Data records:

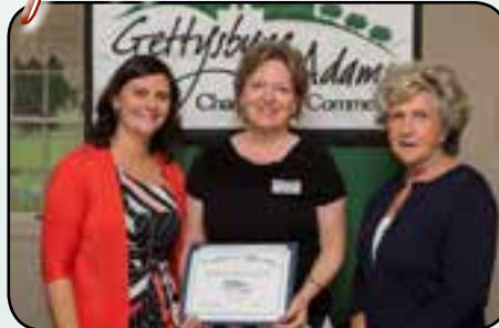
SpiriTrust Lutheran Home Care & Hospice Inc., Gettysburg – 10 years
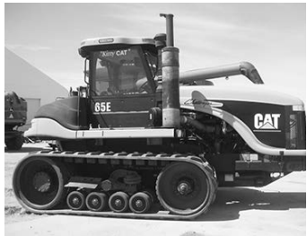
'99 Cat 65E, exc ..... .....$75,000
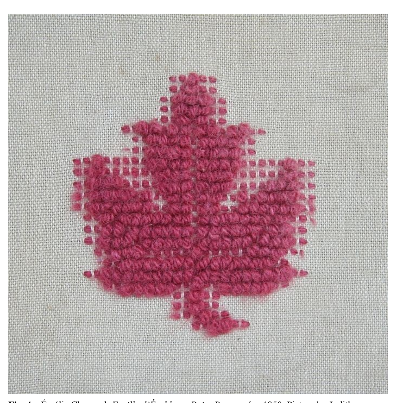
Fig. 4 – Émélie Chamard. Feuille d'Érable au Point Boutonné. c.1950. Picture by Judith Douville. Source : "Émélie Chamard, Femme D'avant-Garde." Musée de la Mémoire Vivante. Accessed July 5, 2018. http://www.virtualmuseum.ca/sgccms/histoires_de_chez_nouscommunity_memories/pm_v2.php?id=record_detail&fl=0&lg=English&ex=00000752&r d=201200#.
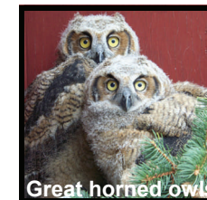
Great horned owls
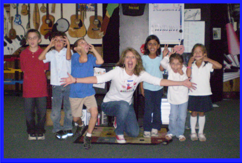
Being silly with some of my students
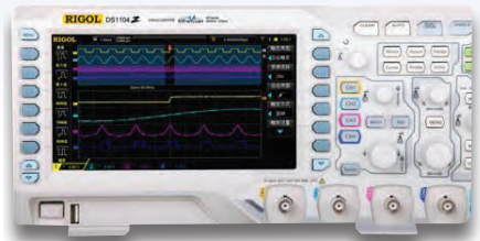
DS1000Z Series Digital Oscilloscopes

Models are available at 50MHz through 100MHz, with 1GS/Sec Sampling, up to 24MPts of memory and a Multi-Level Intensity Graded, 7" WVGA display. The DS1000Z Series of Digital Oscilloscopes is the perfect choice for educators needing an advanced analysis oscilloscope. Available options like 16 channel logic analysis, serial decode and an integrated 2 channel source make this a powerful analysis tool.
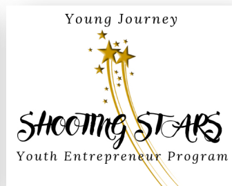
GUEST SPEAKER TOPIC: _____
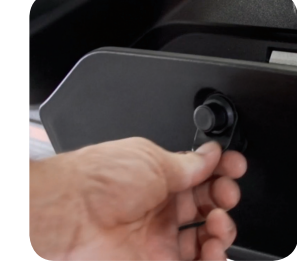
Locking Glove Box
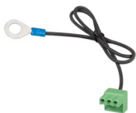
Connector with preassembled DC minus cable (included)
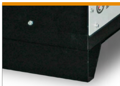
SELF SUPPORTING FRAME TELAIO AUTOPORTANTE

### Task goal
The line that contains "Connector with preassembled" begins the range and the last line of the entries ends it; print that range exactly, without pictures.

### Response
Connector with preassembled DC minus cable (included)
SELF SUPPORTING FRAME TELAIO AUTOPORTANTE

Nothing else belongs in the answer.